*** Block opens ***

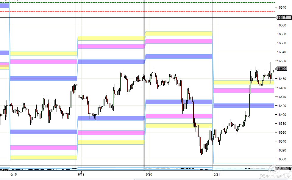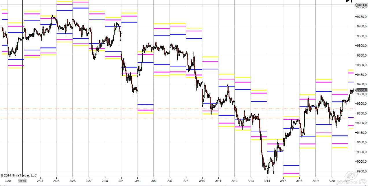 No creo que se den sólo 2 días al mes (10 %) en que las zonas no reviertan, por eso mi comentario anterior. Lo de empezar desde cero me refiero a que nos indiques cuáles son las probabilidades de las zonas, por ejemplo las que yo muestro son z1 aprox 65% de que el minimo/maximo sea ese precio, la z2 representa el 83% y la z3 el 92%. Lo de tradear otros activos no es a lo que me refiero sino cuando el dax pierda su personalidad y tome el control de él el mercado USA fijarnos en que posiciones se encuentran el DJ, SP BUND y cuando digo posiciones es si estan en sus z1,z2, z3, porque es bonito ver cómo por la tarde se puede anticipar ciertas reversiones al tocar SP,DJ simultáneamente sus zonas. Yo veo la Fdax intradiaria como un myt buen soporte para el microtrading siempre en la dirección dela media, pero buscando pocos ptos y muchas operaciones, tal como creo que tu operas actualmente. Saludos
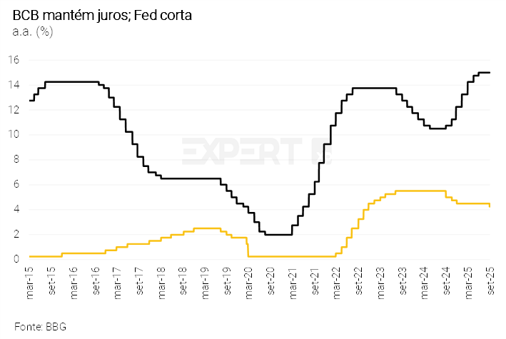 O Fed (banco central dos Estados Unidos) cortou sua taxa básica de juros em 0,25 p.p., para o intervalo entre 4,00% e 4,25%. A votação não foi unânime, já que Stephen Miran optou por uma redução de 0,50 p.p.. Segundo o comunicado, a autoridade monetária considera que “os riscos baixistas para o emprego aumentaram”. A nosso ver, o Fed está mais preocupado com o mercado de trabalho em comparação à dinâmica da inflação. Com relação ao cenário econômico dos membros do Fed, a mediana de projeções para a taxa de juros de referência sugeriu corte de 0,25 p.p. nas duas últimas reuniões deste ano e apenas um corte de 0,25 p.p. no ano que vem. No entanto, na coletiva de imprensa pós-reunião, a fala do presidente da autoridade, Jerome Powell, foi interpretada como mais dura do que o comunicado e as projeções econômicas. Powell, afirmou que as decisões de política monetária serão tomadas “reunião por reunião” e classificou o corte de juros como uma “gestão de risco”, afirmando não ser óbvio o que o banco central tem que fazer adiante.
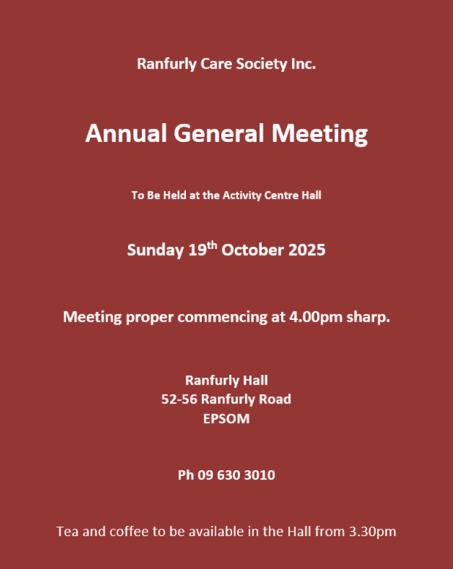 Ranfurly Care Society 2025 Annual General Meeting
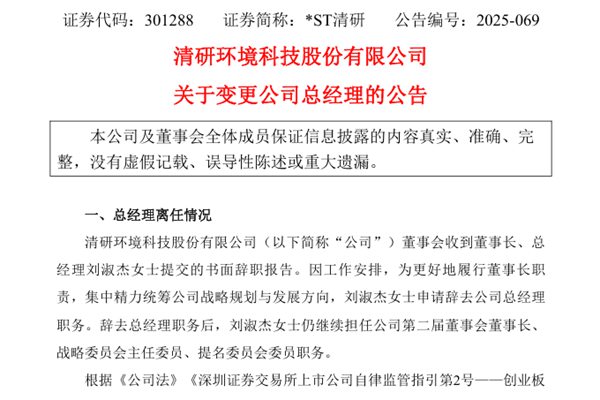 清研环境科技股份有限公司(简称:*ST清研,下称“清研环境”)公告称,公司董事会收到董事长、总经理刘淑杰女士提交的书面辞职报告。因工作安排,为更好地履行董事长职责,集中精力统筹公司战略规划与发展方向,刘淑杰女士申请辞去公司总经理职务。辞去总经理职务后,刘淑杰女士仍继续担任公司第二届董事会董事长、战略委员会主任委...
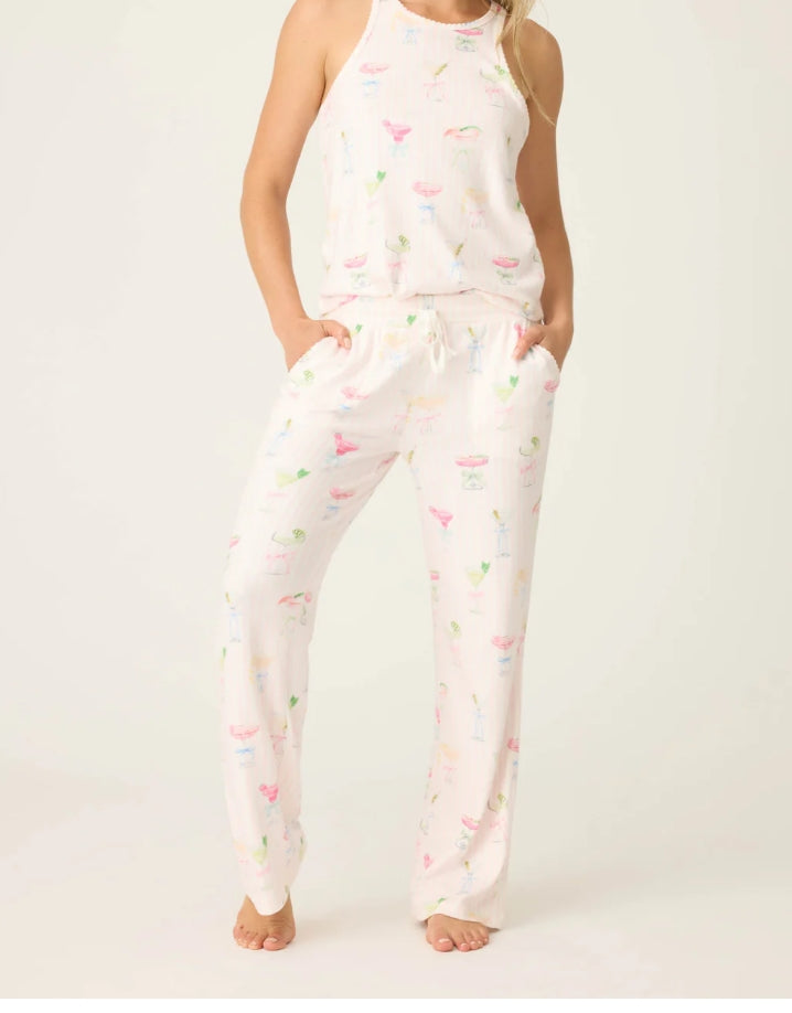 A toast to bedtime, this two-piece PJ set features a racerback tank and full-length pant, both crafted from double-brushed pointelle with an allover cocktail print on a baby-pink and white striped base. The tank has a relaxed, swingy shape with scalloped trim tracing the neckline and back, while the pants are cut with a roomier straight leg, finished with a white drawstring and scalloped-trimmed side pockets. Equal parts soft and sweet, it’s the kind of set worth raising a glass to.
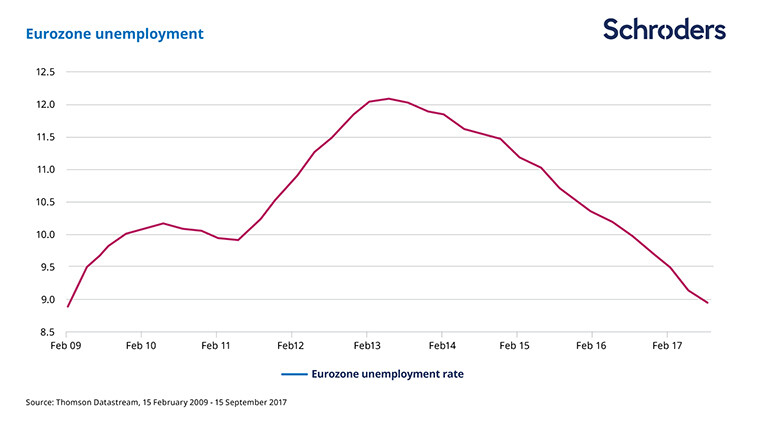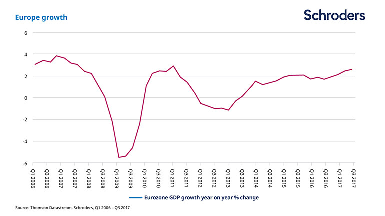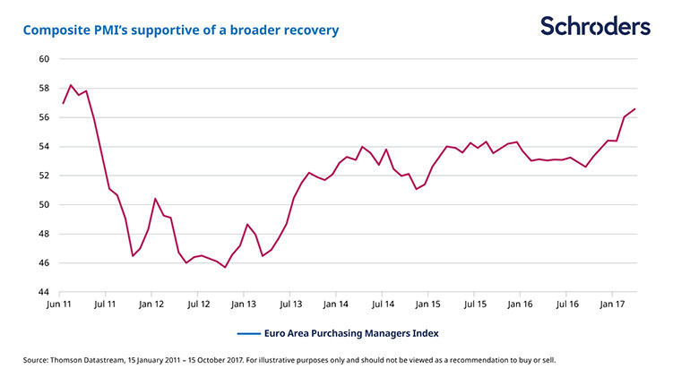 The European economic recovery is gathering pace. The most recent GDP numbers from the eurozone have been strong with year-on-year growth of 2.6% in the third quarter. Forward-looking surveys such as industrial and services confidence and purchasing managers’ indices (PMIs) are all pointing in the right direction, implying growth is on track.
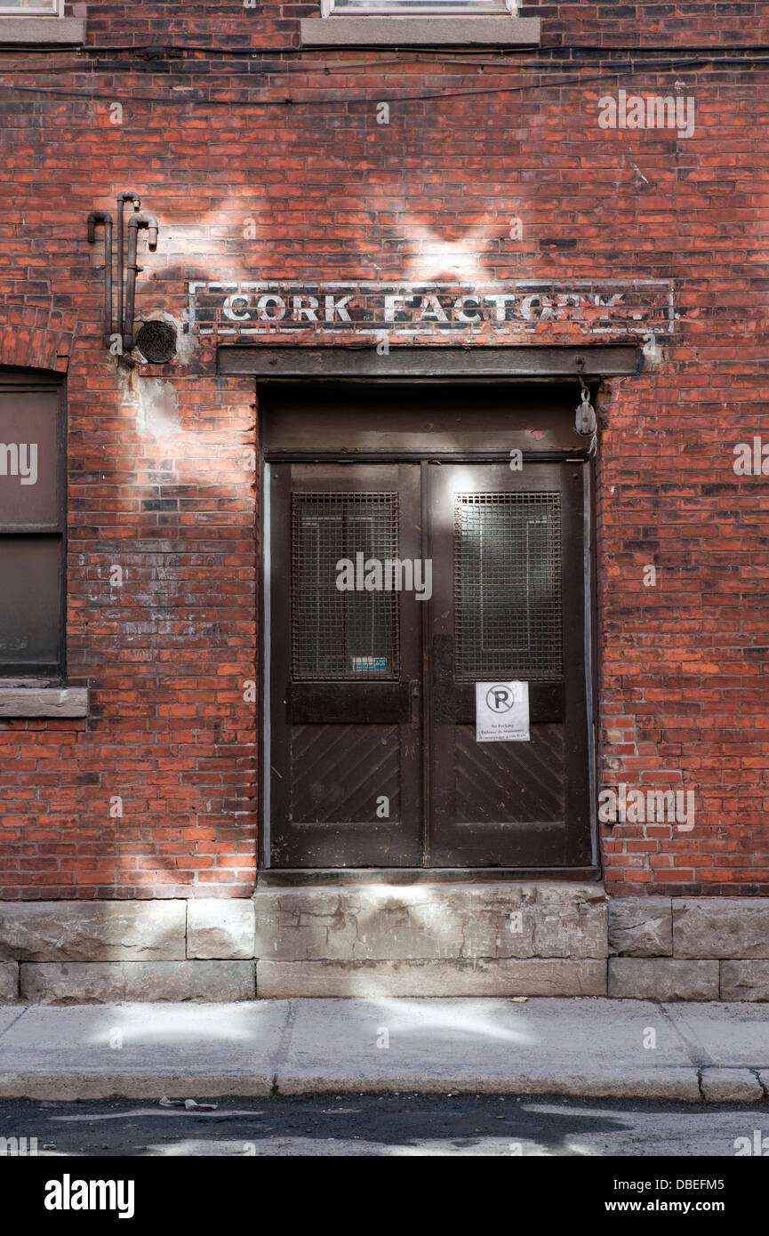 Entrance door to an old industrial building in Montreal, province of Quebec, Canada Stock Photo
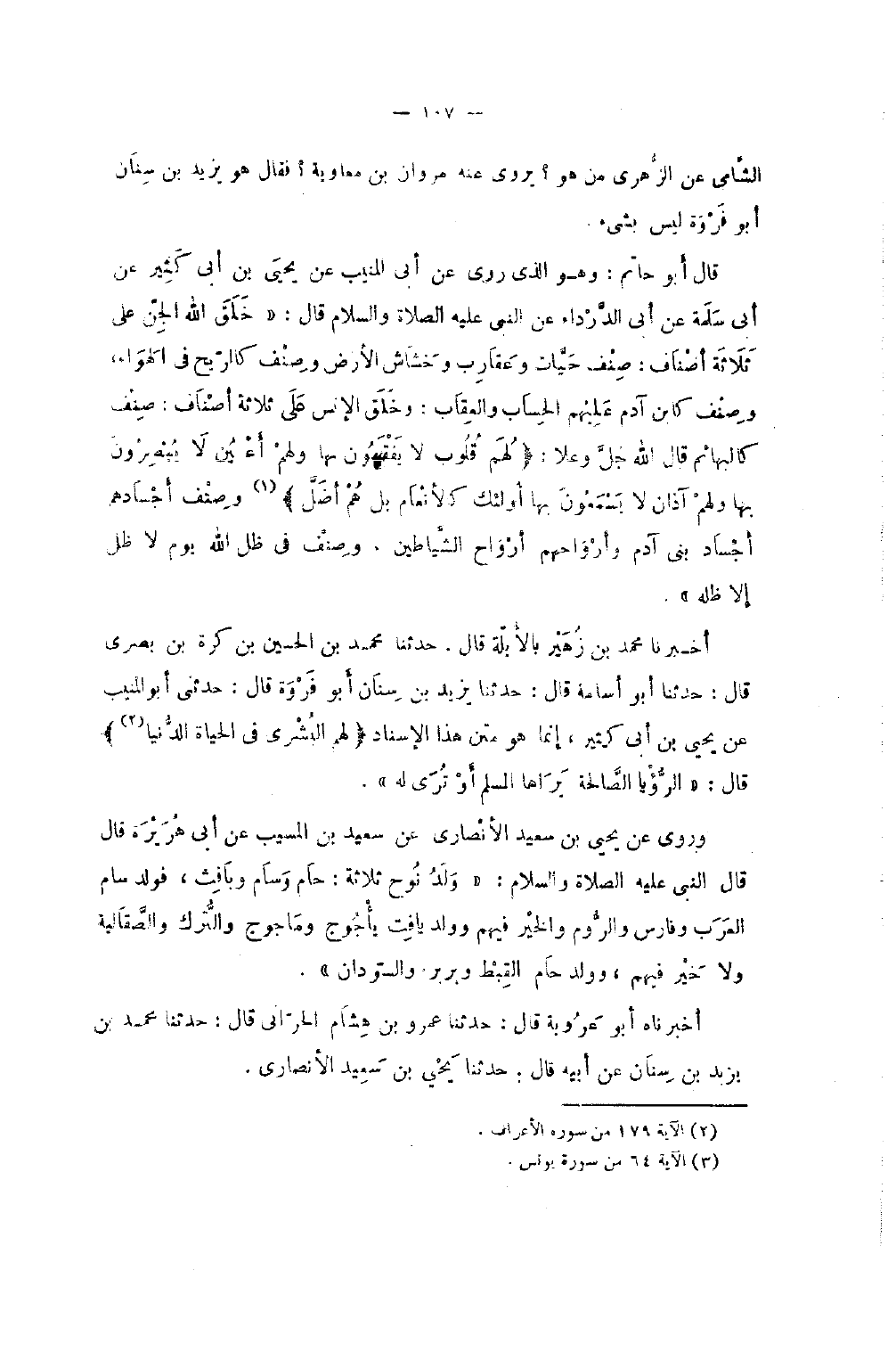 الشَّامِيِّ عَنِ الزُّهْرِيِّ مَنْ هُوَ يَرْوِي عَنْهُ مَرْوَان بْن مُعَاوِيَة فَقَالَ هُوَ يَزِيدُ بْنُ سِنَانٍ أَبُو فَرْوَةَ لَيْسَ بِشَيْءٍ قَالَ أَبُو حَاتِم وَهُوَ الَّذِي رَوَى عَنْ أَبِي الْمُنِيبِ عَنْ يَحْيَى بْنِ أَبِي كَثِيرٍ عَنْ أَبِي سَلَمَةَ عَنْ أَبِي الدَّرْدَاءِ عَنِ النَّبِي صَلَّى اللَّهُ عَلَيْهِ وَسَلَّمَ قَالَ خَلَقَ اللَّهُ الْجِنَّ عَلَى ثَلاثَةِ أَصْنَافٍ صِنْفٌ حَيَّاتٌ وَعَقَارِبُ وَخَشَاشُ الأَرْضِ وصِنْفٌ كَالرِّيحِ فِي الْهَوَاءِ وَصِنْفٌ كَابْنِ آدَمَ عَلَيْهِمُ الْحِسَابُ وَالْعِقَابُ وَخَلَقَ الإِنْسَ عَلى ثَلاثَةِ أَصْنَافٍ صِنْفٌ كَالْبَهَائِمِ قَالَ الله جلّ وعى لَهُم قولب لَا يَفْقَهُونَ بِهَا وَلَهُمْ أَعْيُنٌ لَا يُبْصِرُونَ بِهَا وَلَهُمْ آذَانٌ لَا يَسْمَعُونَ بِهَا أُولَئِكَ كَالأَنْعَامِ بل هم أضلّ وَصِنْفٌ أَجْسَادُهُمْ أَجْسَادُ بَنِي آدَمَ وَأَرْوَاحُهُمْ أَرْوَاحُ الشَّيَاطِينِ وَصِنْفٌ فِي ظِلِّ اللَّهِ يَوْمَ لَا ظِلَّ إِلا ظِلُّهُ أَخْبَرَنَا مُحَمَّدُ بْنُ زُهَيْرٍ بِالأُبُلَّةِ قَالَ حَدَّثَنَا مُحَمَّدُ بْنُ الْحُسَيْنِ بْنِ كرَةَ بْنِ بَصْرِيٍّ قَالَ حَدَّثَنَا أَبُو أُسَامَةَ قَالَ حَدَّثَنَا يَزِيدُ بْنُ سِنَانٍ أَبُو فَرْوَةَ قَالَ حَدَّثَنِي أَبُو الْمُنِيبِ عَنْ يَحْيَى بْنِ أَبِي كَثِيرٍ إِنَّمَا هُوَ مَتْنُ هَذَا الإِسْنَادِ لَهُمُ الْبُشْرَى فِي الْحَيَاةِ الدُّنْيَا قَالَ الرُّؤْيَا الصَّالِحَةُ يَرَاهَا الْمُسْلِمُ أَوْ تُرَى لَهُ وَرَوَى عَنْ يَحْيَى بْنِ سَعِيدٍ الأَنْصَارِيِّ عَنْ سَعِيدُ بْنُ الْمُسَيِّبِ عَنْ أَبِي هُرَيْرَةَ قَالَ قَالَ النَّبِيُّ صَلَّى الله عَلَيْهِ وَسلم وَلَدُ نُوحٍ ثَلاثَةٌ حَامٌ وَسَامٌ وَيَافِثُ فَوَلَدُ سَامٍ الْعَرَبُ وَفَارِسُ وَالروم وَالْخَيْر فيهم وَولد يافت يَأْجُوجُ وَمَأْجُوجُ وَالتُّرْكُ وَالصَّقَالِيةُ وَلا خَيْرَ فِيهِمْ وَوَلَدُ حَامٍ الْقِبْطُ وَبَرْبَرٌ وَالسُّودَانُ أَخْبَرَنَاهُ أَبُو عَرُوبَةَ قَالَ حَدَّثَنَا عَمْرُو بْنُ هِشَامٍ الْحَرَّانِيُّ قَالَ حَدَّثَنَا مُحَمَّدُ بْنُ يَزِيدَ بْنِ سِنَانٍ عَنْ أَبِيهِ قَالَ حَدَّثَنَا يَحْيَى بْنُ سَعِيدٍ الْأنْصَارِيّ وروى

*** Block closes ***

Without including any pictures, output each entry above exactly as it appears.

 No creo que se den sólo 2 días al mes (10 %) en que las zonas no reviertan, por eso mi comentario anterior. Lo de empezar desde cero me refiero a que nos indiques cuáles son las probabilidades de las zonas, por ejemplo las que yo muestro son z1 aprox 65% de que el minimo/maximo sea ese precio, la z2 representa el 83% y la z3 el 92%. Lo de tradear otros activos no es a lo que me refiero sino cuando el dax pierda su personalidad y tome el control de él el mercado USA fijarnos en que posiciones se encuentran el DJ, SP BUND y cuando digo posiciones es si estan en sus z1,z2, z3, porque es bonito ver cómo por la tarde se puede anticipar ciertas reversiones al tocar SP,DJ simultáneamente sus zonas. Yo veo la Fdax intradiaria como un myt buen soporte para el microtrading siempre en la dirección dela media, pero buscando pocos ptos y muchas operaciones, tal como creo que tu operas actualmente. Saludos
 O Fed (banco central dos Estados Unidos) cortou sua taxa básica de juros em 0,25 p.p., para o intervalo entre 4,00% e 4,25%. A votação não foi unânime, já que Stephen Miran optou por uma redução de 0,50 p.p.. Segundo o comunicado, a autoridade monetária considera que “os riscos baixistas para o emprego aumentaram”. A nosso ver, o Fed está mais preocupado com o mercado de trabalho em comparação à dinâmica da inflação. Com relação ao cenário econômico dos membros do Fed, a mediana de projeções para a taxa de juros de referência sugeriu corte de 0,25 p.p. nas duas últimas reuniões deste ano e apenas um corte de 0,25 p.p. no ano que vem. No entanto, na coletiva de imprensa pós-reunião, a fala do presidente da autoridade, Jerome Powell, foi interpretada como mais dura do que o comunicado e as projeções econômicas. Powell, afirmou que as decisões de política monetária serão tomadas “reunião por reunião” e classificou o corte de juros como uma “gestão de risco”, afirmando não ser óbvio o que o banco central tem que fazer adiante.
 Ranfurly Care Society 2025 Annual General Meeting
 清研环境科技股份有限公司(简称:*ST清研,下称“清研环境”)公告称,公司董事会收到董事长、总经理刘淑杰女士提交的书面辞职报告。因工作安排,为更好地履行董事长职责,集中精力统筹公司战略规划与发展方向,刘淑杰女士申请辞去公司总经理职务。辞去总经理职务后,刘淑杰女士仍继续担任公司第二届董事会董事长、战略委员会主任委...
 A toast to bedtime, this two-piece PJ set features a racerback tank and full-length pant, both crafted from double-brushed pointelle with an allover cocktail print on a baby-pink and white striped base. The tank has a relaxed, swingy shape with scalloped trim tracing the neckline and back, while the pants are cut with a roomier straight leg, finished with a white drawstring and scalloped-trimmed side pockets. Equal parts soft and sweet, it’s the kind of set worth raising a glass to.
 The European economic recovery is gathering pace. The most recent GDP numbers from the eurozone have been strong with year-on-year growth of 2.6% in the third quarter. Forward-looking surveys such as industrial and services confidence and purchasing managers’ indices (PMIs) are all pointing in the right direction, implying growth is on track.
 Entrance door to an old industrial building in Montreal, province of Quebec, Canada Stock Photo
 الشَّامِيِّ عَنِ الزُّهْرِيِّ مَنْ هُوَ يَرْوِي عَنْهُ مَرْوَان بْن مُعَاوِيَة فَقَالَ هُوَ يَزِيدُ بْنُ سِنَانٍ أَبُو فَرْوَةَ لَيْسَ بِشَيْءٍ قَالَ أَبُو حَاتِم وَهُوَ الَّذِي رَوَى عَنْ أَبِي الْمُنِيبِ عَنْ يَحْيَى بْنِ أَبِي كَثِيرٍ عَنْ أَبِي سَلَمَةَ عَنْ أَبِي الدَّرْدَاءِ عَنِ النَّبِي صَلَّى اللَّهُ عَلَيْهِ وَسَلَّمَ قَالَ خَلَقَ اللَّهُ الْجِنَّ عَلَى ثَلاثَةِ أَصْنَافٍ صِنْفٌ حَيَّاتٌ وَعَقَارِبُ وَخَشَاشُ الأَرْضِ وصِنْفٌ كَالرِّيحِ فِي الْهَوَاءِ وَصِنْفٌ كَابْنِ آدَمَ عَلَيْهِمُ الْحِسَابُ وَالْعِقَابُ وَخَلَقَ الإِنْسَ عَلى ثَلاثَةِ أَصْنَافٍ صِنْفٌ كَالْبَهَائِمِ قَالَ الله جلّ وعى لَهُم قولب لَا يَفْقَهُونَ بِهَا وَلَهُمْ أَعْيُنٌ لَا يُبْصِرُونَ بِهَا وَلَهُمْ آذَانٌ لَا يَسْمَعُونَ بِهَا أُولَئِكَ كَالأَنْعَامِ بل هم أضلّ وَصِنْفٌ أَجْسَادُهُمْ أَجْسَادُ بَنِي آدَمَ وَأَرْوَاحُهُمْ أَرْوَاحُ الشَّيَاطِينِ وَصِنْفٌ فِي ظِلِّ اللَّهِ يَوْمَ لَا ظِلَّ إِلا ظِلُّهُ أَخْبَرَنَا مُحَمَّدُ بْنُ زُهَيْرٍ بِالأُبُلَّةِ قَالَ حَدَّثَنَا مُحَمَّدُ بْنُ الْحُسَيْنِ بْنِ كرَةَ بْنِ بَصْرِيٍّ قَالَ حَدَّثَنَا أَبُو أُسَامَةَ قَالَ حَدَّثَنَا يَزِيدُ بْنُ سِنَانٍ أَبُو فَرْوَةَ قَالَ حَدَّثَنِي أَبُو الْمُنِيبِ عَنْ يَحْيَى بْنِ أَبِي كَثِيرٍ إِنَّمَا هُوَ مَتْنُ هَذَا الإِسْنَادِ لَهُمُ الْبُشْرَى فِي الْحَيَاةِ الدُّنْيَا قَالَ الرُّؤْيَا الصَّالِحَةُ يَرَاهَا الْمُسْلِمُ أَوْ تُرَى لَهُ وَرَوَى عَنْ يَحْيَى بْنِ سَعِيدٍ الأَنْصَارِيِّ عَنْ سَعِيدُ بْنُ الْمُسَيِّبِ عَنْ أَبِي هُرَيْرَةَ قَالَ قَالَ النَّبِيُّ صَلَّى الله عَلَيْهِ وَسلم وَلَدُ نُوحٍ ثَلاثَةٌ حَامٌ وَسَامٌ وَيَافِثُ فَوَلَدُ سَامٍ الْعَرَبُ وَفَارِسُ وَالروم وَالْخَيْر فيهم وَولد يافت يَأْجُوجُ وَمَأْجُوجُ وَالتُّرْكُ وَالصَّقَالِيةُ وَلا خَيْرَ فِيهِمْ وَوَلَدُ حَامٍ الْقِبْطُ وَبَرْبَرٌ وَالسُّودَانُ أَخْبَرَنَاهُ أَبُو عَرُوبَةَ قَالَ حَدَّثَنَا عَمْرُو بْنُ هِشَامٍ الْحَرَّانِيُّ قَالَ حَدَّثَنَا مُحَمَّدُ بْنُ يَزِيدَ بْنِ سِنَانٍ عَنْ أَبِيهِ قَالَ حَدَّثَنَا يَحْيَى بْنُ سَعِيدٍ الْأنْصَارِيّ وروى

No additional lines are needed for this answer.